Dividing the RAW 264.7 cells, 48-well cell to the
As shown in Table 4, as shown in Table 4, the extract of the motherwort 50% alcohol inhibited the NO production, which is an inflammation inducing substance, from macrophages in a concentration-dependent manner, and it was confirmed that the extract inhibited the inflammation.
(μM)
(% of control)
(LPS + motherwort)
Experimental Example 3: Motherwort EA In the fraction About Leukotriene Comparison of inhibitory effect
According to the method of Experimental Example 1, the ability to inhibit leukotriene secretion was evaluated in the mother liquor extract and EA fraction.
As a result of the above tests, inhibitory effects on the secretion of rucotrienes by concentration (10, 25, and 50 μg / mL) on the alcohol extract and EA fraction from motherwort were evaluated. As a result, Leukotriene production was suppressed from basic leukocyte cells, but EA fraction showed about 80% inhibitory activity, which is 3.8 times higher than EtOH extract.
Experimental Example 4: Identification of major components from the lactose-inactivated fraction
The major components were identified by spectral patterns and spectral patterns of the wavelength of the motherwort EA fractions of the above examples.
1) LC analysis conditions
- Column: Phenomenex Luna C18 5 m, 250 mm x 4.6 mm
- Column Temperature: 40 ℃
- Injection Volume: 10 μL
- Flow rate: 1.0 mL / min
- Eluent: gradient
A - 0.1% Formic acid in H 2 O
B - Acetonitrile
- Detector: PDA 210 nm
2) Main ingredient name (analysis result)
As a result, the major components of the EA fraction were investigated by spectral pattern and HPLC. The major constituents present in the EA fraction were rutin and isoquercitrin (see Figures 1, 2, 3 and 4).
Experimental Example 5: Inhibition of leukotriene inhibition on the major components present in the active fractions
To determine the active ingredient for motherwort, the inhibitory effect on the release of rutcorrhizin to the main components, Rutin, and Isoquercitrin, present in the active fractions, was evaluated in the same manner as in Experimental Example 1 .
As shown in Table 6, Rutin and Isoquercitrin, which are the main components of the lactose-containing fraction, inhibit the production of leukotriene, an inflammation-inducing substance, from basophilic leukocyte cells in a concentration-dependent manner . Especially, 50 μg / mL of isoquercitrin was suppressed to a level similar to that of the positive control substance. As a result, it can be confirmed that the main component of motherwort, rutin, and especially isocercitalin, has the effect of inhibiting 5-lipoxygenase.
(% of Control)
(%)
EXPERIMENTAL EXAMPLE 6 Analysis of Active Ingredient Content by Various Types of Extracts of Motherwort
To confirm the contents of Rutin and Isoquercitrin as active ingredients of the extracts of the present invention, HPLC was carried out under the following conditions.
1) LC analysis conditions
- Column: Waters Sunfire C18 Sum, 250 mm * 4.6 mm
- Column Temperature: 25 ℃
- Injection Volume: 10 μL
- Eluent: gradient
A - 0.1% Formic acid in H 2 O
B - 0.1% Formic acid in ACN
- Detector: PDA 270 nm (quantitative)
2) Analysis results
As a result of the above experiment, as shown in FIG. 4 and Table 7, the contents of Rutin and Isoquercitrin, which are main components of the motherwort extract, were 4.3 to 8.0 mg / g, 1.3 to 1.8 mg / g level.
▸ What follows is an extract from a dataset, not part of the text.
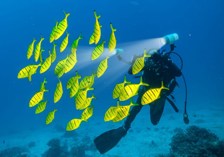 I det turkisblå hav omkring øerne Desroches og Felicité venter snorkelture og dybe dyk ned til en dramatisk undervandsverden i farver. Selv omkring flere af hotellernes velbevarede og levende husrev venter et fascinerende liv med spættede ørnerokker, farverige fisk og måske visit fra skildpadder og delfiner. Har du dykkercertifikat kan du komme endnu dybere ned i det Indiske Ocean og udforske labyrintiske undervandsgrotter, mens revhajer, muræner og barracudaer passerer forbi. På flere resorts kan du sammen med marineforskere og biologer være med til at sikre det fascinerende liv i havets overlevelse.

As a result of analyzing the above components, the content of Rutin and Isoquercitrin in the motherwort EA fraction prepared from 20 g of the 50% crude extract was analyzed using ethylacetate (EA) The content of isocercaline was 13.6 mg / g and 9.8 mg / g, respectively. From these results, it was found that the composition containing the lactose, which is the effective component of the motherwort, and the isocuritic acid was increased by 1.7 times and 5.4 times, respectively, through the ethyl acetate fraction.
Experimental Example 7: Respiratory Acute Inflammation Inhibition Experiment
In order to confirm the inhibitory action on the acute inflammation of the respiratory organ of the above example, Vernooy et al. (Vernooy JH, Dentener MA, van Suylen RJ, Buurman WA, Wouters EF Long-term intratracheal lipopolysaccharide exposure in mice results in chronic lung inflammation and persistent pathology. Am J Respir Cell Mol Biol. 2002; 26 (1): 152-9.).
Aerosols were generated by ultrasonication (Nebulizer control 10, BUXCO) in LPS solution (0.5 mg / 3 mL, L2880, Sigma) diluted with physiological saline and then injected into 7-week-old BALB / c male mice (Orient Bio, After 2 days of inhalation, the inflammatory cells were measured in the bronchial washing solution.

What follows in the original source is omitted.